Kenny Lau (Jul 08 2025 at 13:23):

did you catch this yourself over time, or is this from a program?

Damiano Testa (Jul 08 2025 at 13:23):

I just looked for them after you mentioned this.

Kenny Lau (Jul 08 2025 at 13:24):

but how do you know where to look for?

Damiano Testa (Jul 08 2025 at 13:24):

I did a poor man's tokenization:

git ls-files 'Mathlib/*.lean' | xargs grep -o "\(theorem\|lemma\) [^ ]*" | awk '{print $2}' | awk -F_ '{for(i=1;i<=NF;i++) {print $i}}' | awk -F. '{for(i=1;i<=NF;i++) {print $i}}' | sort | uniq -c | sort -n -k1 -r | grep "^ *1 " | less

and scanned through the output.

Bryan Gin-ge Chen (Jul 08 2025 at 13:24):

Not sure if Jireh is also referring to this, but I still think it'd be worth continuing the work started in #lean4 > automatic spelling generation & comparison @ 💬 and making it into a linter.

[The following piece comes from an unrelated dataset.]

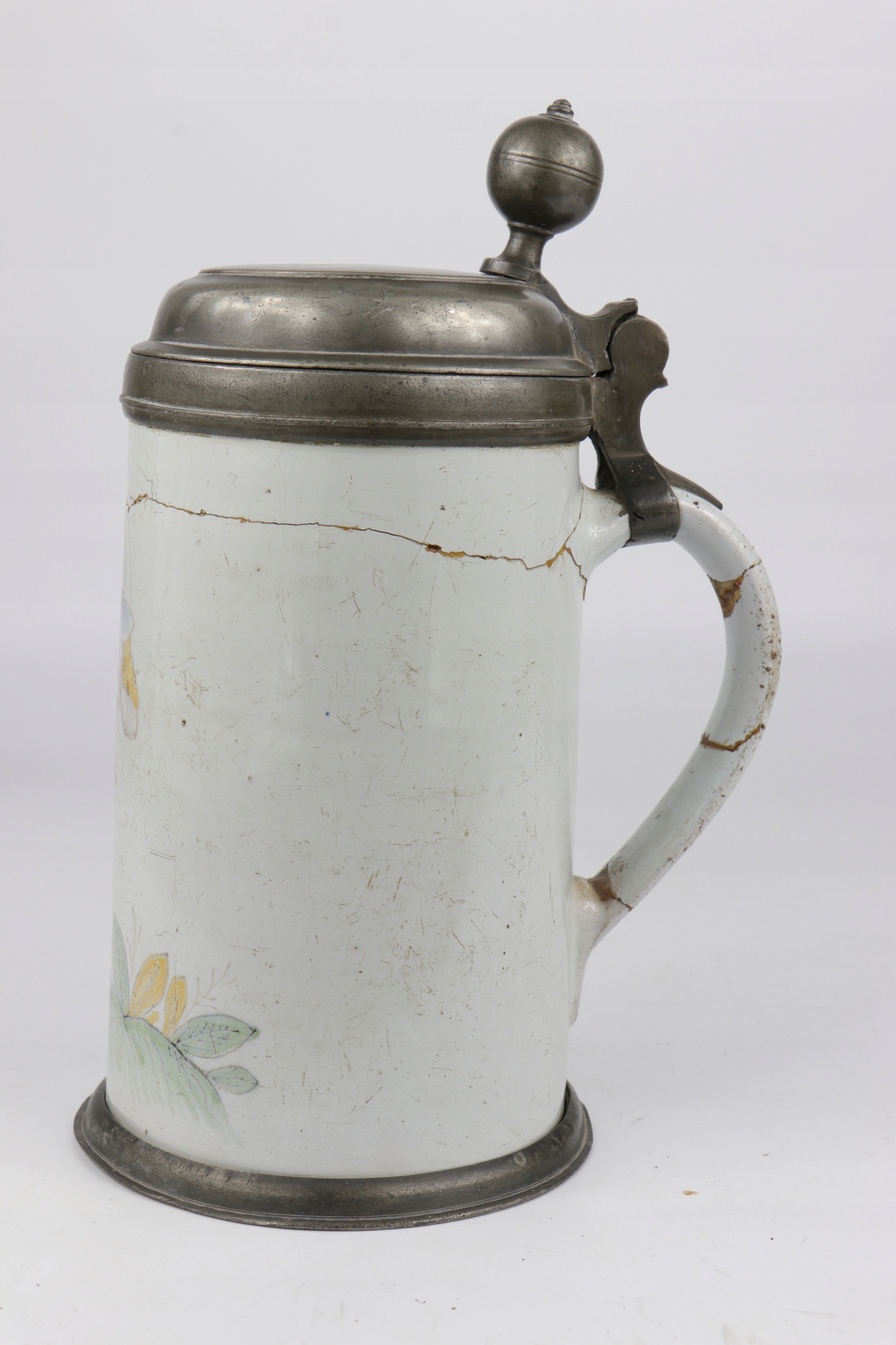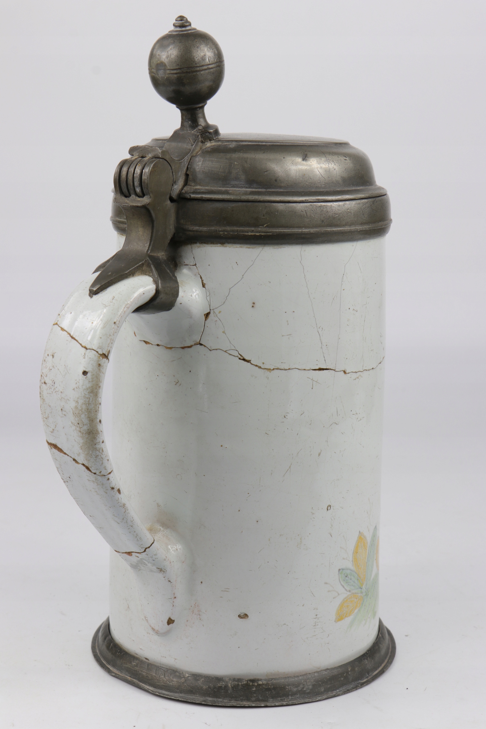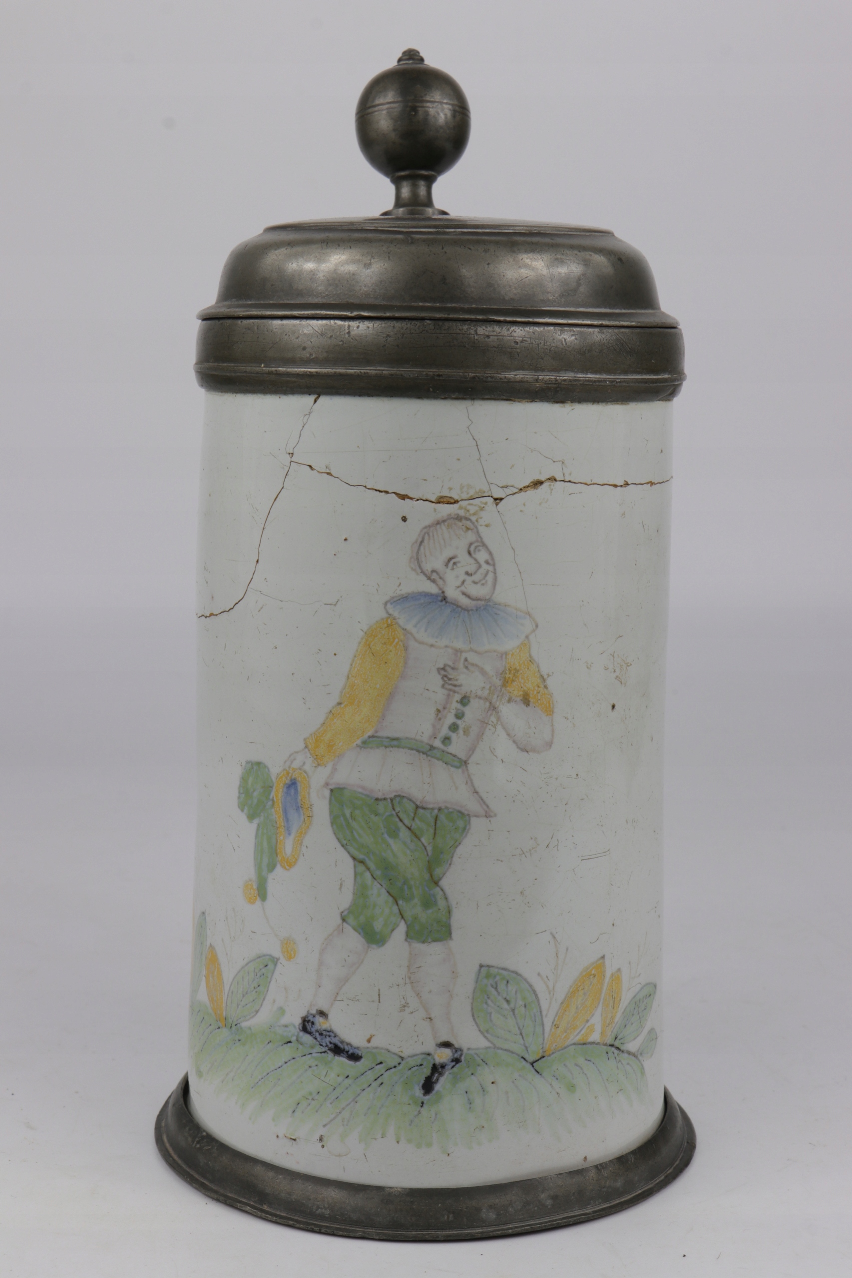 Очень интересная и редкая музейная керамическая кружка с жестяной крышкой. На крышке инициалы и дата 1768. Кружка украшена нарисованной вручную фигуркой Пьеро.

Kenny Lau (Jul 08 2025 at 13:25):

Damiano Testa said:

I did a poor man's tokenization:

git ls-files 'Mathlib/*.lean' | xargs grep -o "\(theorem\|lemma\) [^ ]*" | awk '{print $2}' | awk 'BEGIN{FS="_"} {for(i=1;i<=NF;i++) {print $i}}' | awk 'BEGIN{FS="."} {for(i=1;i<=NF;i++) {print $i}}' | sort | uniq -c | sort -n -k1 -r | grep "^ *1" | less

and scanned through the output.

oh wow I was about to spend like 1 hour writing the program, you saved my time by a one liner!

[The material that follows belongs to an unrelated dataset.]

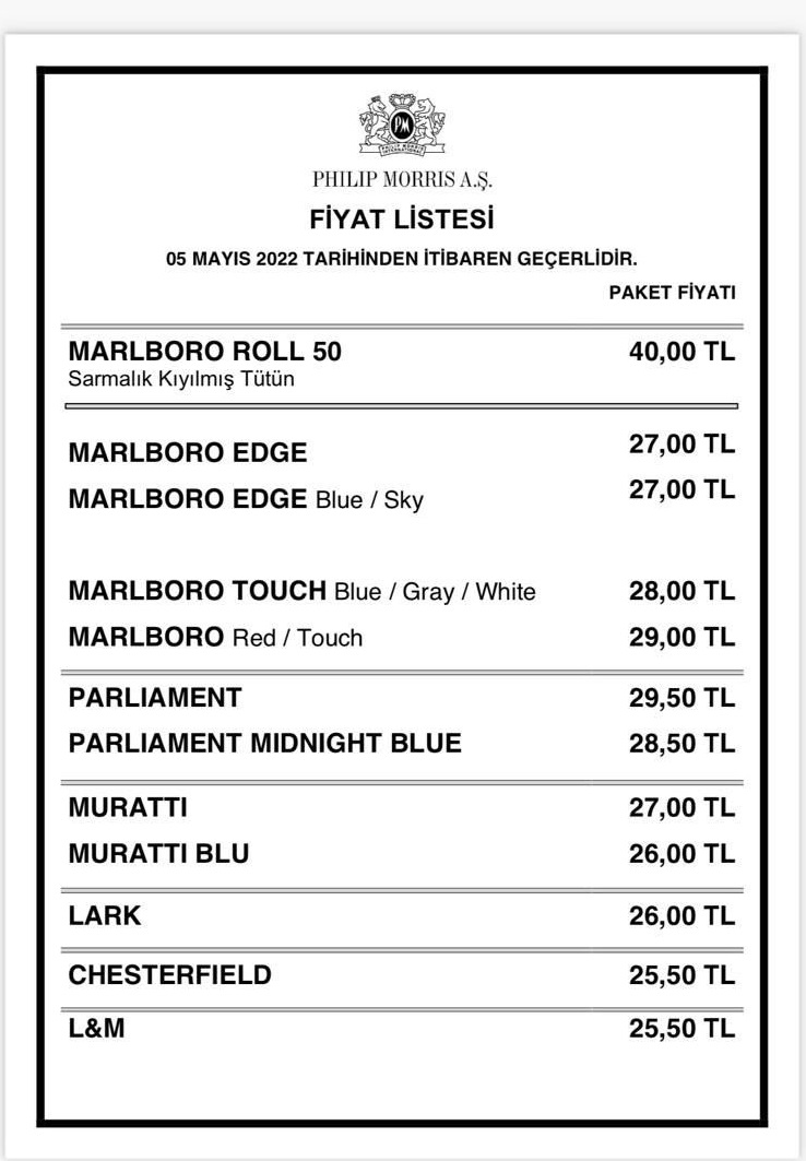 5 Mayıs Perşembe günü sigara fiyatlarına yapılan yeni zamla beraber, sigara fiyatları araştırılmaya başladı. İşte Marlboro, Lark, L&M, Kent, Parliament, Muratti, Winston, Tekel sigara markalarının yeni fiyatları!

Damiano Testa (Jul 08 2025 at 13:25):

Btw, I agree that a linter would be better (as would an autoformaliser)!!

Damiano Testa (Jul 08 2025 at 13:26):

Kenny Lau said:

oh wow I was about to spend like 1 hour writing the program, you saved my time by a one liner!

It is a pretty long line...

Damiano Testa (Jul 08 2025 at 13:33):

docs#NumberField.ComplexEmbedding.IsConj.coe_stabilzer_mk

Damiano Testa (Jul 08 2025 at 13:36):

docs#Nat.smmoothNumbers_eq_factoredNumbers_primesBelow

Jireh Loreaux (Jul 08 2025 at 13:36):

Bryan Gin-ge Chen said:

Not sure if Jireh is also referring to this, but I still think it'd be worth continuing the work started in #lean4 > automatic spelling generation & comparison @ 💬 and making it into a linter.

Yep, that's the one I was thinking of.

Damiano Testa (Jul 08 2025 at 13:38):

I remember that a while back I went and fixed typos in authors names in files, but this has relapsed since.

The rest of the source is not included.